Data supplied>
********

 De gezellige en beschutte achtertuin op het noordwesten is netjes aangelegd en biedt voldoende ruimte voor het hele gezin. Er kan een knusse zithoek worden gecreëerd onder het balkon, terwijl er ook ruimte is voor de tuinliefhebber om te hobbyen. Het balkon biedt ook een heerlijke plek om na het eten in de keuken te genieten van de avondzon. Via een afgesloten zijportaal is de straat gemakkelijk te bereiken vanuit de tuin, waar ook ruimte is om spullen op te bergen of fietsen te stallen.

********

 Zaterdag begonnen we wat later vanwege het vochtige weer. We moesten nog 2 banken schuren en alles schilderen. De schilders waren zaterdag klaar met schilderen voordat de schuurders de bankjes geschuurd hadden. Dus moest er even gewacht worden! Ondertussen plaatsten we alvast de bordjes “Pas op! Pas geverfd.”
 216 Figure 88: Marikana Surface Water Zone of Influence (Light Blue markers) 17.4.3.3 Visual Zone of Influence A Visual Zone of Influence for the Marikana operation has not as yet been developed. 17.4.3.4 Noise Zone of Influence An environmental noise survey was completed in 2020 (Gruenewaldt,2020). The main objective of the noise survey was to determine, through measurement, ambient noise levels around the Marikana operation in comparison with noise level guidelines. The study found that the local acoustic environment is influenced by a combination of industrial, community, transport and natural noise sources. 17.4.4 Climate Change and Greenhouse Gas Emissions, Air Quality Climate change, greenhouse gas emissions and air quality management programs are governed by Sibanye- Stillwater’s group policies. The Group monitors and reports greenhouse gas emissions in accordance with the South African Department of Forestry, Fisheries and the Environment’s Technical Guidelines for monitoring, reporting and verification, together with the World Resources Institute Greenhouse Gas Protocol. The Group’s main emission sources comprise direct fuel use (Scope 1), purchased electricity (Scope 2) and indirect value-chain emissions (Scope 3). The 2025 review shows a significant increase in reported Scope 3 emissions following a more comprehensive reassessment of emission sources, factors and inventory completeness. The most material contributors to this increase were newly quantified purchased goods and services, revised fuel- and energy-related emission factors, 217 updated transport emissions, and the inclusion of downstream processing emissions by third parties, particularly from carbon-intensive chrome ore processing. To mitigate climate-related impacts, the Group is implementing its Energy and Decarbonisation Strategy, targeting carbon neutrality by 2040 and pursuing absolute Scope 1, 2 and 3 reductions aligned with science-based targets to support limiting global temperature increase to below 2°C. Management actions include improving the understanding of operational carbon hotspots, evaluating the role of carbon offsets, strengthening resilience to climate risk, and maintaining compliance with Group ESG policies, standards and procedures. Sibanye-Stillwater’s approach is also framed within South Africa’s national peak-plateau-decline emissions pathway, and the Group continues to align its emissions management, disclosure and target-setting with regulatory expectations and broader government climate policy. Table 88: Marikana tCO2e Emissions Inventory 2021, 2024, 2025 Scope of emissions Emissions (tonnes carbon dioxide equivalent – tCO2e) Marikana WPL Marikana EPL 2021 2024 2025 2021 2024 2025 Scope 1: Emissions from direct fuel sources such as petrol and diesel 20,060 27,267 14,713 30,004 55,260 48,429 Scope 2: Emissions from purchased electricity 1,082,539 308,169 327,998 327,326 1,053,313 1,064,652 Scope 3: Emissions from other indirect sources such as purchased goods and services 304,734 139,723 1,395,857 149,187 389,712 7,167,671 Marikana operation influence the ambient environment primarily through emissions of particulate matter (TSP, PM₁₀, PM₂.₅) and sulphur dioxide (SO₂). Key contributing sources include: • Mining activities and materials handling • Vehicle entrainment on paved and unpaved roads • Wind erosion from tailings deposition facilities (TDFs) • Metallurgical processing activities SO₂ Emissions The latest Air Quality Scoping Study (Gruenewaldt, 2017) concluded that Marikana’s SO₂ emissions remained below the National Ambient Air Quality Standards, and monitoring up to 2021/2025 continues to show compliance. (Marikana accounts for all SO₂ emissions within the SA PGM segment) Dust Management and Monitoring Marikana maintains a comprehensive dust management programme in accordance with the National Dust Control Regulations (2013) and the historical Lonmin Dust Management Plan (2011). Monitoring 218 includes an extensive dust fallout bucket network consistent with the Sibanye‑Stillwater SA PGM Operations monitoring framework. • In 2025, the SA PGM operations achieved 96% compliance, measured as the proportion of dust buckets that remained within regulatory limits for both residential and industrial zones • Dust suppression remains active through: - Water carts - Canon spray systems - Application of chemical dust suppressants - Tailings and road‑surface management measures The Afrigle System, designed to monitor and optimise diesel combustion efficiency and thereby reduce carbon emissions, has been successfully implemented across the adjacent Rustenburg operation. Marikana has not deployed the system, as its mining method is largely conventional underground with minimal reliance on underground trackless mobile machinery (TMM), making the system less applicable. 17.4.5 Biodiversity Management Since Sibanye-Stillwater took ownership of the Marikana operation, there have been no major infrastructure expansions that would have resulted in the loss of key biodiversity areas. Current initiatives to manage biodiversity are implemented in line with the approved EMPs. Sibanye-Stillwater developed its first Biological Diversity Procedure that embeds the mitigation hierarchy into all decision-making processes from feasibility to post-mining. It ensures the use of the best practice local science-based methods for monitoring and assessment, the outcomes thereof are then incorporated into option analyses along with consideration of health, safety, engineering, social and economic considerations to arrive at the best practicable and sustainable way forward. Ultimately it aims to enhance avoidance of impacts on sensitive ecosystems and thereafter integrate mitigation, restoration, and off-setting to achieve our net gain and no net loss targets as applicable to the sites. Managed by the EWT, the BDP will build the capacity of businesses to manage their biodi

********

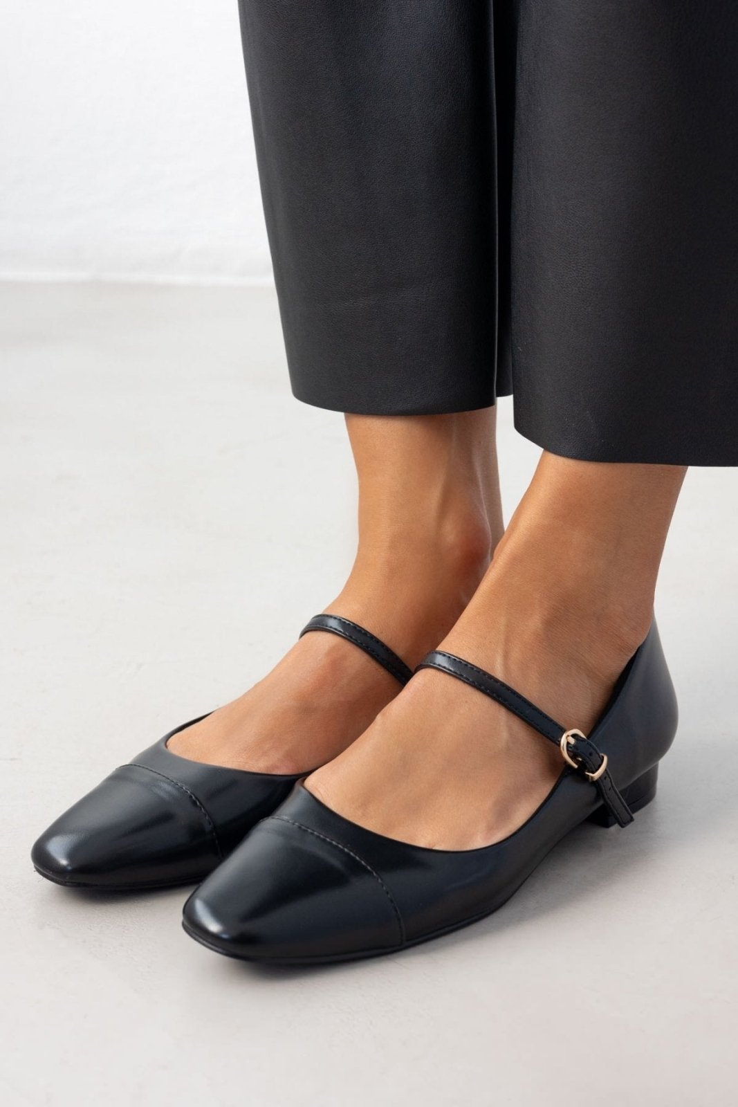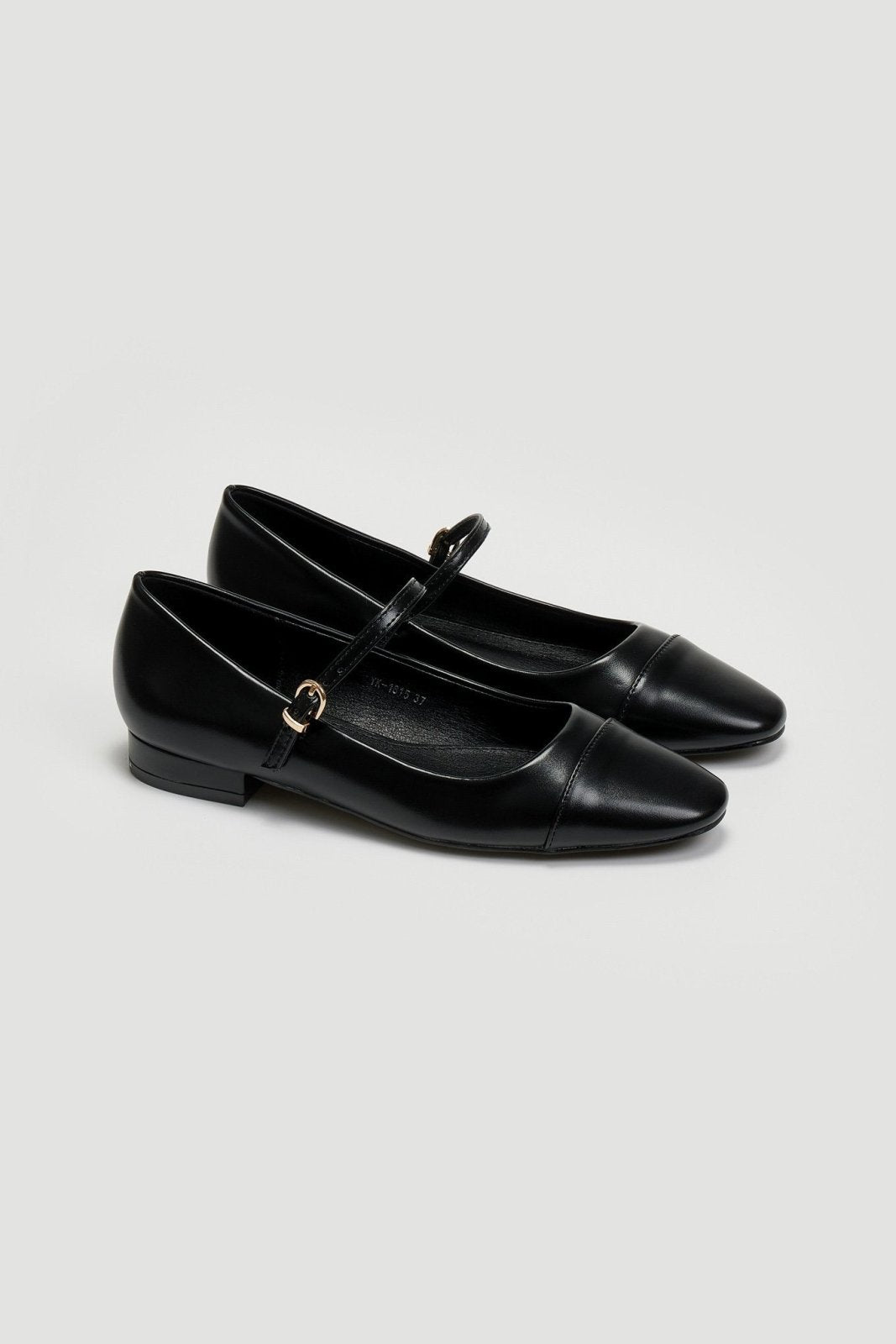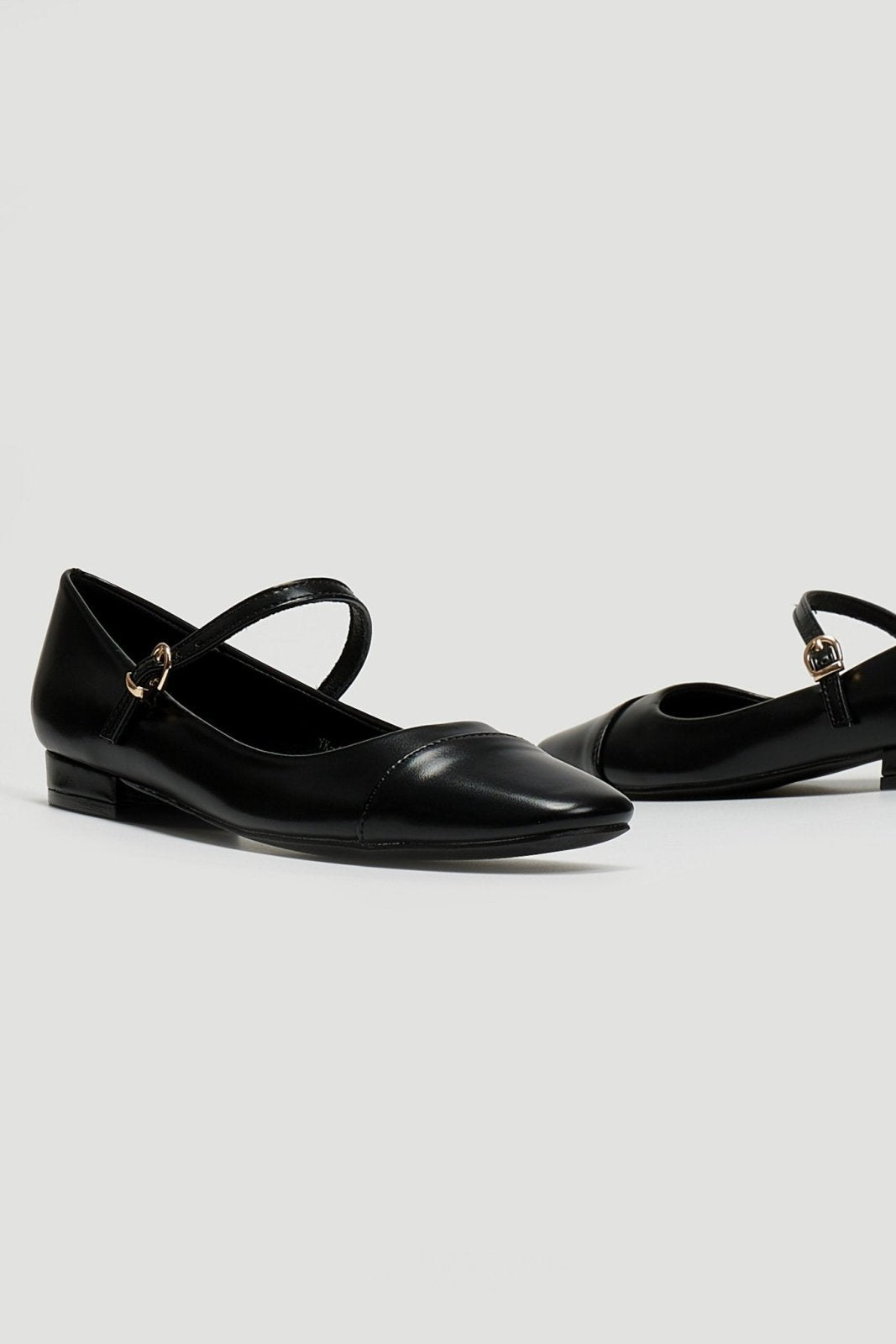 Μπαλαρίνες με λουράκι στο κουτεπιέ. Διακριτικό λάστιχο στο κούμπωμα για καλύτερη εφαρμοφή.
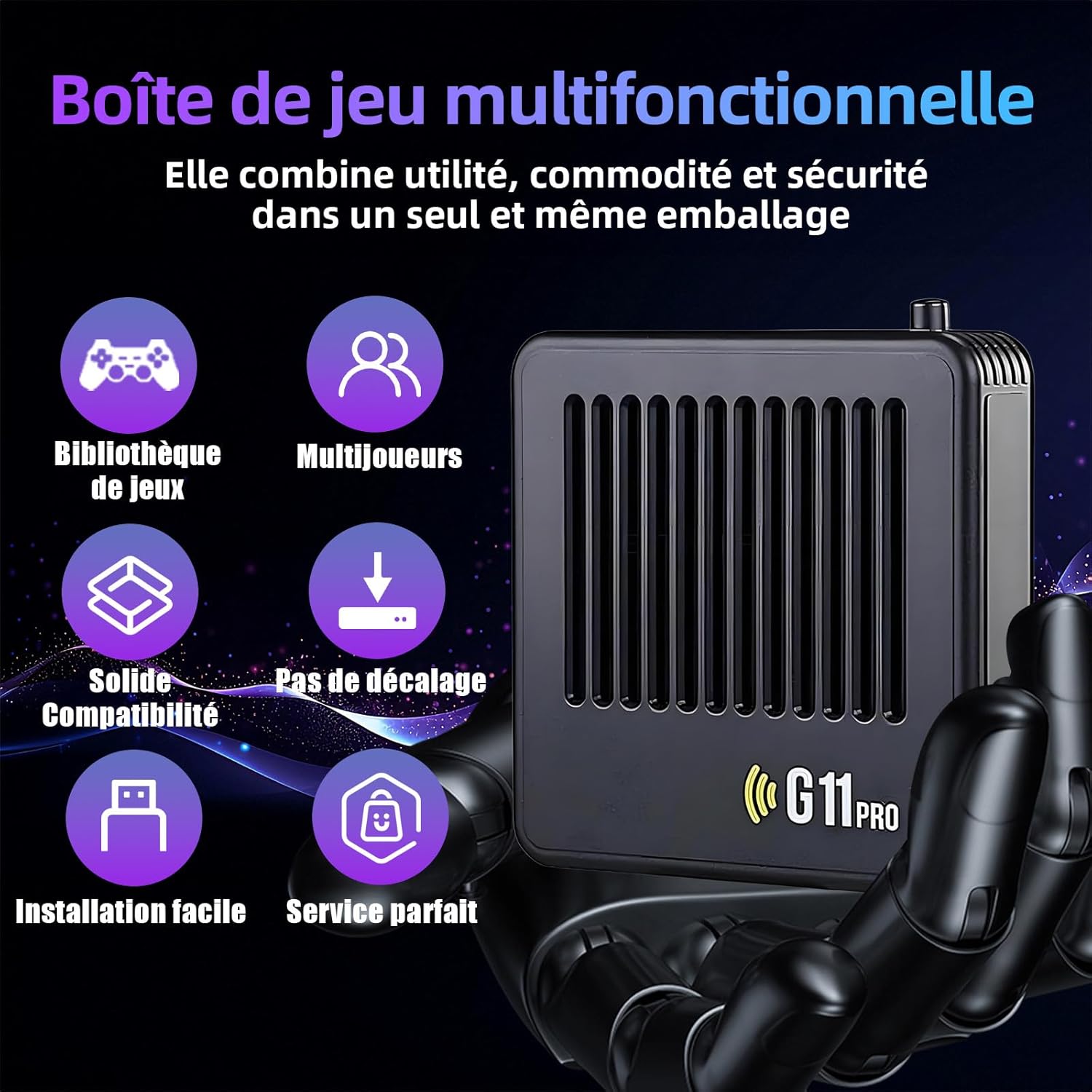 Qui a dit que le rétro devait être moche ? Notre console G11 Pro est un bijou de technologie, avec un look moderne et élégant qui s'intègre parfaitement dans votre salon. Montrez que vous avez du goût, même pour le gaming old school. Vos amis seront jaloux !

********

Problem requirements> Identify the lines in the entries above that contain "worden", then copy them out.

Output below>
 De gezellige en beschutte achtertuin op het noordwesten is netjes aangelegd en biedt voldoende ruimte voor het hele gezin. Er kan een knusse zithoek worden gecreëerd onder het balkon, terwijl er ook ruimte is voor de tuinliefhebber om te hobbyen. Het balkon biedt ook een heerlijke plek om na het eten in de keuken te genieten van de avondzon. Via een afgesloten zijportaal is de straat gemakkelijk te bereiken vanuit de tuin, waar ook ruimte is om spullen op te bergen of fietsen te stallen.
 Zaterdag begonnen we wat later vanwege het vochtige weer. We moesten nog 2 banken schuren en alles schilderen. De schilders waren zaterdag klaar met schilderen voordat de schuurders de bankjes geschuurd hadden. Dus moest er even gewacht worden! Ondertussen plaatsten we alvast de bordjes “Pas op! Pas geverfd.”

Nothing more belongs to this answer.